Los Angeles, Calif., April 01, 2026 (GLOBE NEWSWIRE) -- Idea Acquisition Corp. (Nasdaq: IACO) (the “Company”) today announced that holders of the units sold in the Company’s initial public offering of 35,000,000 units, completed on February 12, 2026 (the “Offering”), may elect to separately trade the Class A ordinary shares and warrants included in the units commencing on or about April 6, 2026. Any units not separated will continue to trade on The Nasdaq Global Market under the symbol “IACOU,” and each of the Class A ordinary shares and warrants will separately trade on The Nasdaq Global Market under the symbols “IACO” and “IACOW,” respectively. No fractional warrants will be issued upon separation of the units and only whole warrants will trade. Holders of units will need to have their brokers contact Continental Stock Transfer & Trust Company, the Company’s transfer agent, in order to separate the units into Class A ordinary shares and warrants.

A registration statement relating to these securities was declared effective by the U.S. Securities and Exchange Commission (the “SEC”) on February 10, 2026. This press release shall not constitute an offer to sell or the solicitation of an offer to buy, nor shall there be any sale of these securities in any state or jurisdiction in which such offer, solicitation, or sale would be unlawful prior to registration or qualification under the securities laws of any such state or jurisdiction.
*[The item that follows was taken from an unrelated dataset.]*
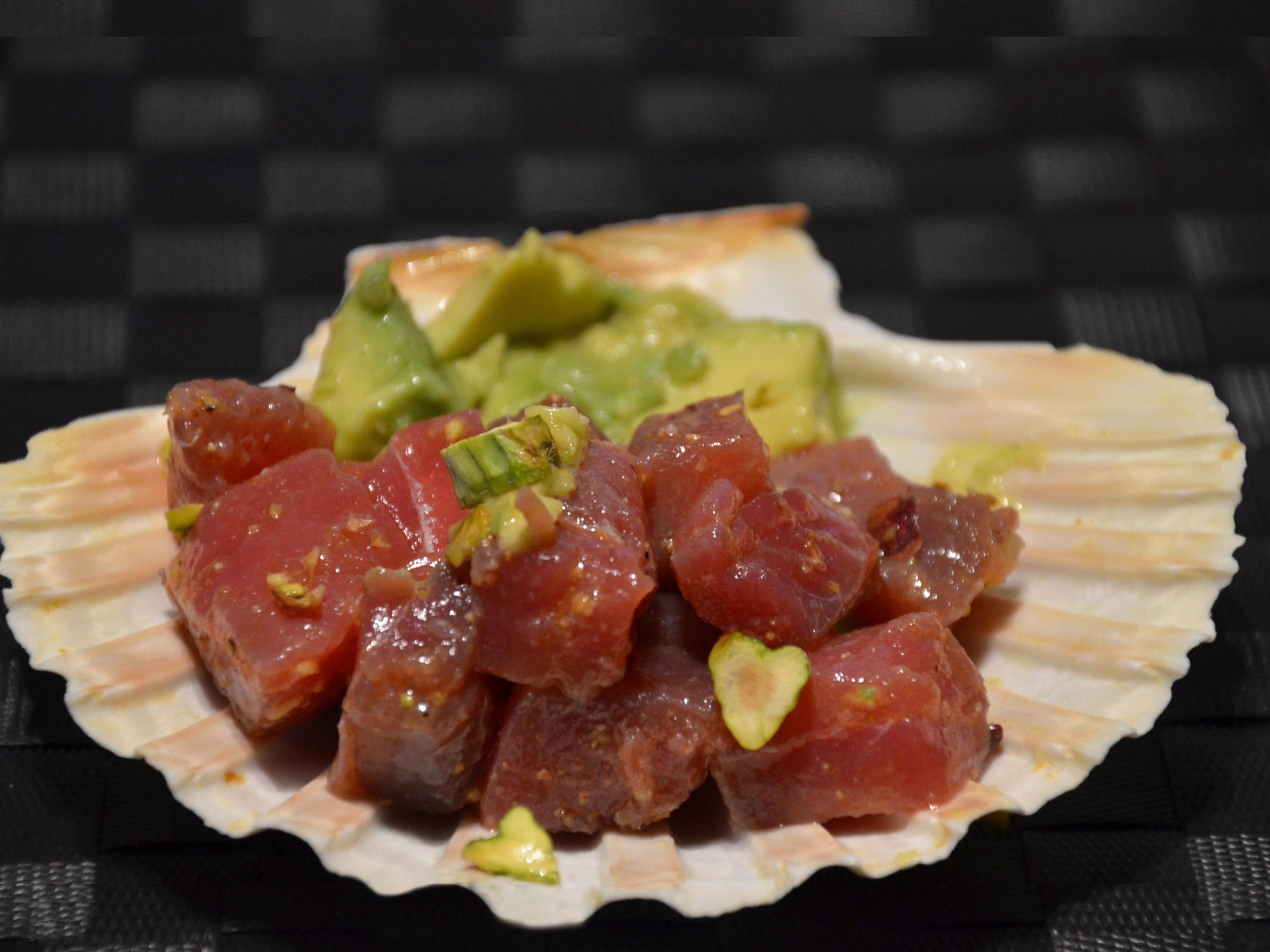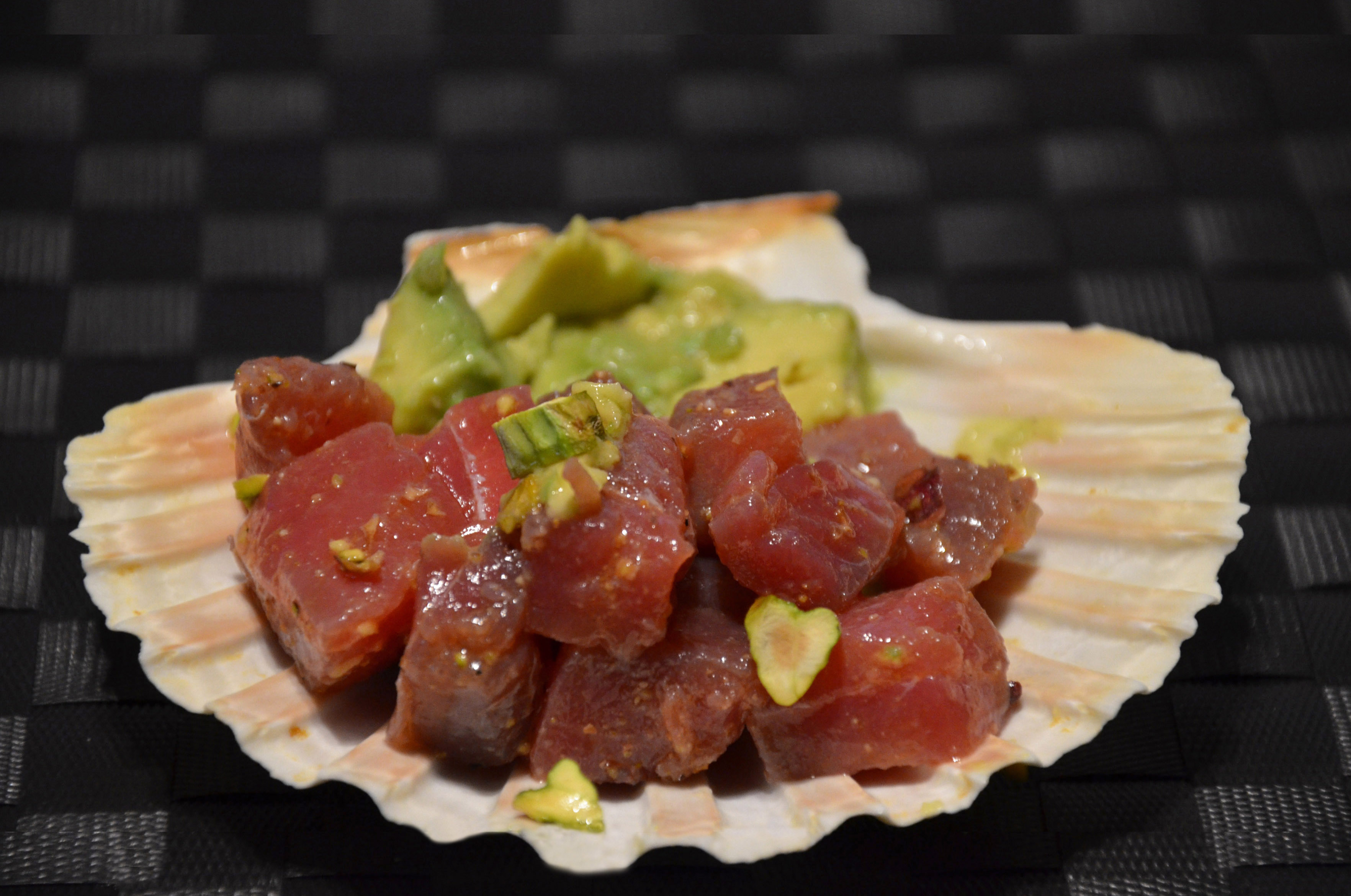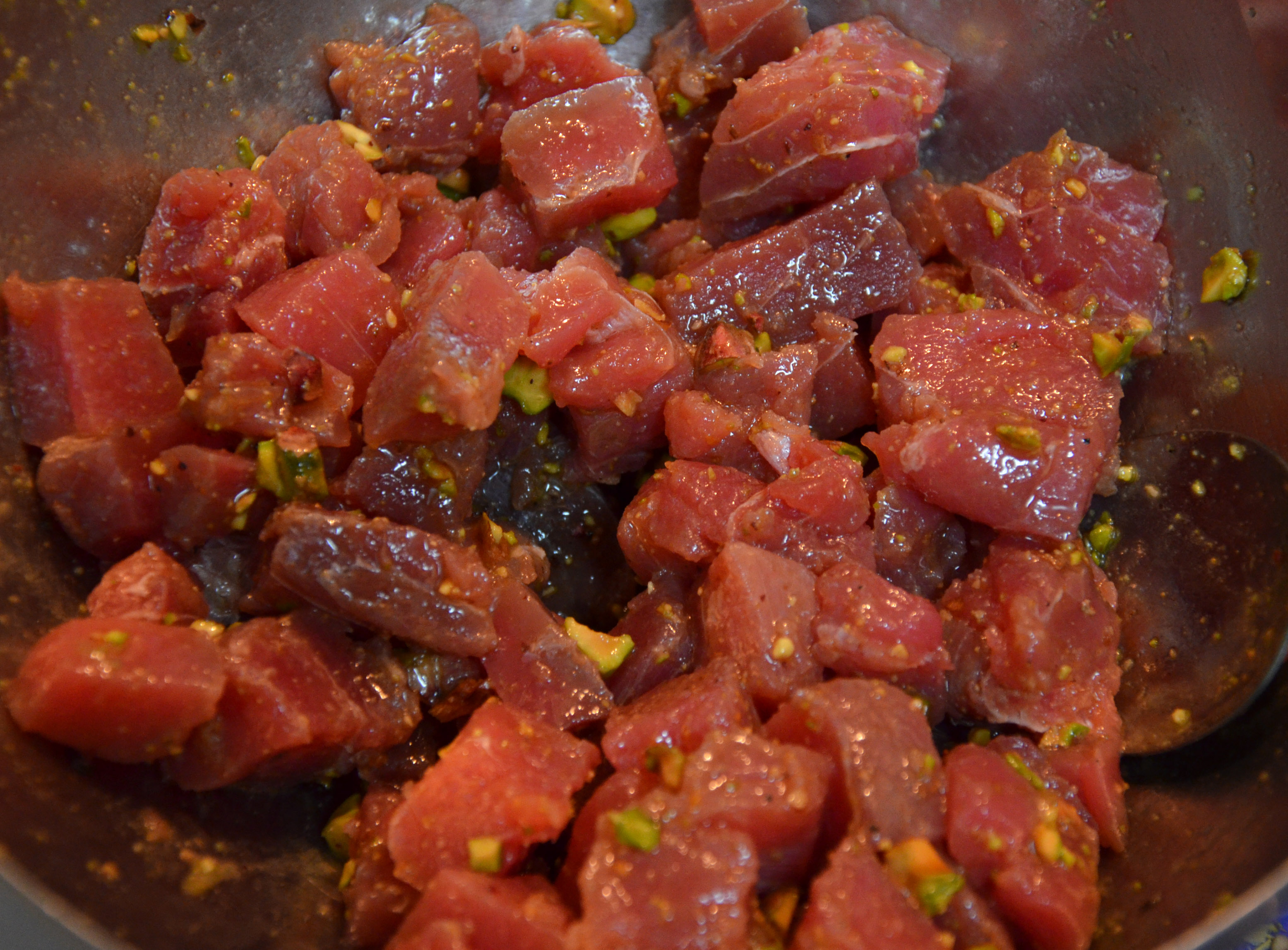 dice the tuna, dice the avocado, grind the pistachios with a mortar and chop some into little pieces (so you both have powder and chunks) and make the dressing.

Cautionary Note Concerning Forward-Looking Statements

This press release contains statements that constitute “forward-looking statements,” including with respect to the Company’s search for an initial business combination. Forward-looking statements are subject to numerous conditions, many of which are beyond the control of the Company, including those set forth in the Risk Factors section of the Company’s registration statement for the Offering filed with the SEC. Copies are available on the SEC’s website, www.sec.gov. The Company undertakes no obligation to update these statements for revisions or changes after the date of this release, except as required by law.

Contact

Ryan Shea
Chief Operating Officer
Idea Acquisition Corp.
[email protected]


Risks

  • The forward-looking statements related to the company's search for a business combination carry inherent uncertainties and risks beyond management's control.
  • Market acceptance and liquidity of separately traded shares and warrants could vary, affecting investor sentiment and stock performance.
  • Regulatory and registration conditions continue to apply, potentially impacting the timing and structure of the company's business combination process.